Work request: Give the entries again exactly as they appear, but without the images.

Data to use:
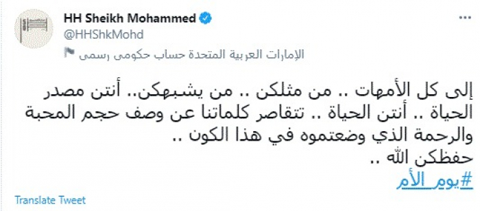 وقال في تغريدة عبر "تويتر" رصدها "المشهد العربي": "إلى كل الأمهات .. من مثلكن .. من يشبهكن.. أنتن مصدر الحياة .. أنتن الحياة .. تتقاصر كلماتنا عن وصف حجم المحبة والرحمة الذي وضعتموه في هذا الكون".
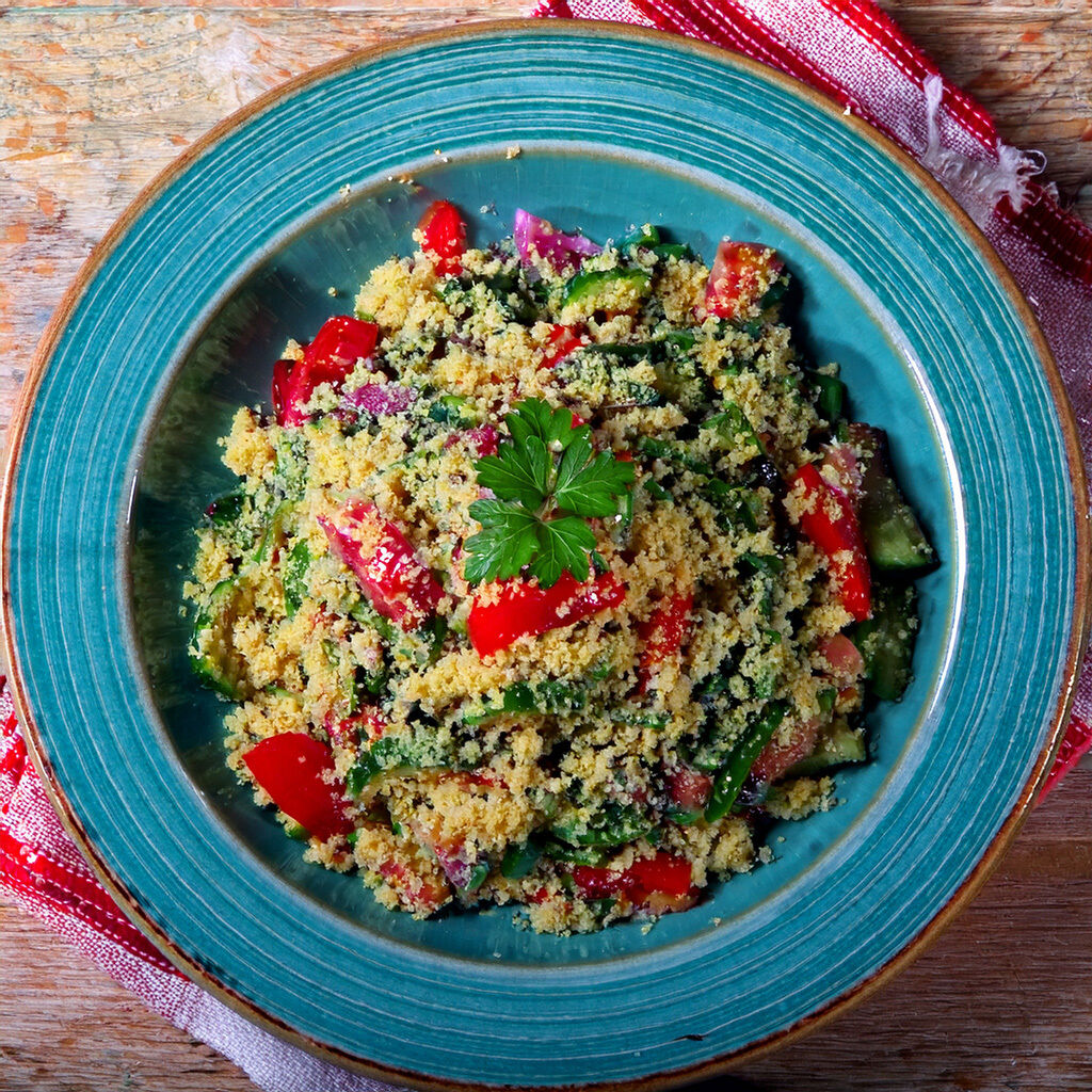 250ml Wasser erhitzen, zusammen mit 250g Couscous, 1/2 TL Salz und 1 TL Olivenöl in eine Schüssel geben und verrühren. Etwa 5 Min. quellen lassen, mit Kräutern würzen, warm oder kalt als Beilage oder Salatgrundlage servieren.
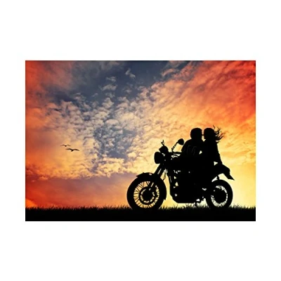 Wee Blue Coo Photo Mock Up Silhouette Sunset Motorcycle Romance Wall Art Print
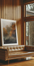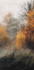 Malebný podzimní les mizející v měkké mlze se zářícími oranžovými a jantarovými listy navrstvenými proti tlumeným šedozeleným pruhům. Texturovaný styl dodává zasněný a atmosférický výraz, který zachycuje tichý přechod podzimu. Plakát klidné přírody pro teplou stěnu galerie.
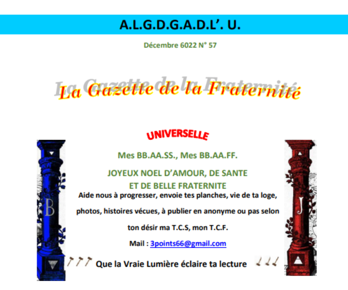 Voici le numéro 57 de la Gazette Universelle de la Fraternité
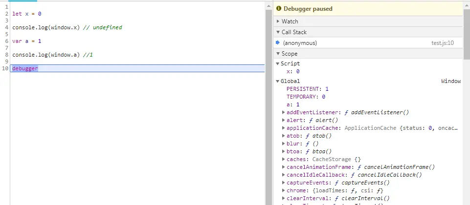 可以看到使用let声明的变量x是在一个叫script作用域下的,而var声明的变量因为变量提升所以提升到了全局变量window对象中,这使我们能放心的使用新语法,不用担心污染全局的window对象
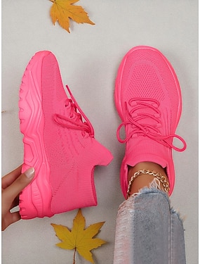 Rote Flyknit-Sneaker mit dicker Sohle für Damen – atmungsaktive Sportschuhe zum Schnüren für lässige Streetwear und Fitnesstraining

Response to this exercise:
 وقال في تغريدة عبر "تويتر" رصدها "المشهد العربي": "إلى كل الأمهات .. من مثلكن .. من يشبهكن.. أنتن مصدر الحياة .. أنتن الحياة .. تتقاصر كلماتنا عن وصف حجم المحبة والرحمة الذي وضعتموه في هذا الكون".
 250ml Wasser erhitzen, zusammen mit 250g Couscous, 1/2 TL Salz und 1 TL Olivenöl in eine Schüssel geben und verrühren. Etwa 5 Min. quellen lassen, mit Kräutern würzen, warm oder kalt als Beilage oder Salatgrundlage servieren.
 Wee Blue Coo Photo Mock Up Silhouette Sunset Motorcycle Romance Wall Art Print
 Malebný podzimní les mizející v měkké mlze se zářícími oranžovými a jantarovými listy navrstvenými proti tlumeným šedozeleným pruhům. Texturovaný styl dodává zasněný a atmosférický výraz, který zachycuje tichý přechod podzimu. Plakát klidné přírody pro teplou stěnu galerie.
 Voici le numéro 57 de la Gazette Universelle de la Fraternité
 可以看到使用let声明的变量x是在一个叫script作用域下的,而var声明的变量因为变量提升所以提升到了全局变量window对象中,这使我们能放心的使用新语法,不用担心污染全局的window对象
 Rote Flyknit-Sneaker mit dicker Sohle für Damen – atmungsaktive Sportschuhe zum Schnüren für lässige Streetwear und Fitnesstraining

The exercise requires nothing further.